However, on this occasion millions of them directed their support to Mr Biden.

There was a record voter turnout.

At these elections, millions of remotivated people turned out to register their votes early and dispatch them by mail.

The results show these numbers were in excess of the Trump ‘core voters’ of the 2016 election.

What a Biden administration means for America and the world remains to be seen.

The U.S. Senate is likely to remain under the thumb of Trumpian-style Republicans, meaning that any legislative changes sought by Mr Biden may be problematic.

However, in many other areas – such as foreign policy and trade – there is likely to be a more even-handed and co-operative outlook rather than an ‘America-First’ view.

Domestically, the American mood may also be changing.

Few will quibble about the economic and material successes of the U.S.

But, the nation has long been energised by a frontier philosophy that idealises individualism and rewards personal effort rather than honouring the first words of the U.S. Constitution – “We the People….”

Matters of social equity have tended to reflect a Christian sense of charitable obligation and duty by individuals more than as a matter of political policy.
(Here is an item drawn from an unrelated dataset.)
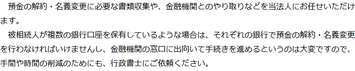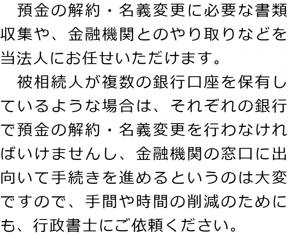 トップ業務内容預金・貯金の解約・名義変更 階層構造▼ 業務内容(目次) 預金・貯金の解約・名義変更 業務内容(目次)業務内容トップ行政書士法人心の業務内容遺言遺産整理相続人調査相続財産調査遺産分割協議書の作成預金・貯金の解約・名義変更証券口座の解約・名義変更自動車の名義変更心グループのその他の業務内容家族信託・民事信託節税対策事業承継遺言の検認相続放棄限定承認遺産分割遺留分侵害額請求相続登記相続税申告相続税調査 受付時間 平日 9時~21時、土日祝 9時~18時 夜間・土日祝の相談も対応します (要予約) 所在地 〒273-0005 千葉県船橋市本町6-1-7KENEDIX船橋3F(旧表記:エスペランサK3F) 0120-2403-39 お問合せ・アクセス・地図

Whereas many other democratic nations around the globe have evolved societal cultures to be more reflective of modern ideals of rights and responsibilities, the United States retains a legacy of inequity, including flawed national provision for public health responses, health care insurance, education and welfare.

The meaning of ‘We’ is more reflective, perhaps, in the expectations and provisions of social and human rights in countries such as ours.

Australia is by no means an exemplar, but neither is it a ‘socialist paradise’ so reviled by Mr Trump.

We too encourage and reward individual aspiration and achievement but perhaps we are doing better at remembering that ‘We’ means societies have a responsibility to all its members.

President-elect Biden has already indicated he is keen to offer a more cautious and inclusive approach to heal America’s political divisiveness and to attend to glaring shortcomings in social equity in that country.

This is what the record turn-out of Democratic Party supporters has called for.

One U.S. cartoonist showed an image of a sad, sagging Statue of Liberty during the spiteful campaign.

It would be wonderful for that image to be restored as an admired symbol of freedom, pride and welcoming opportunity that America has long offered the world.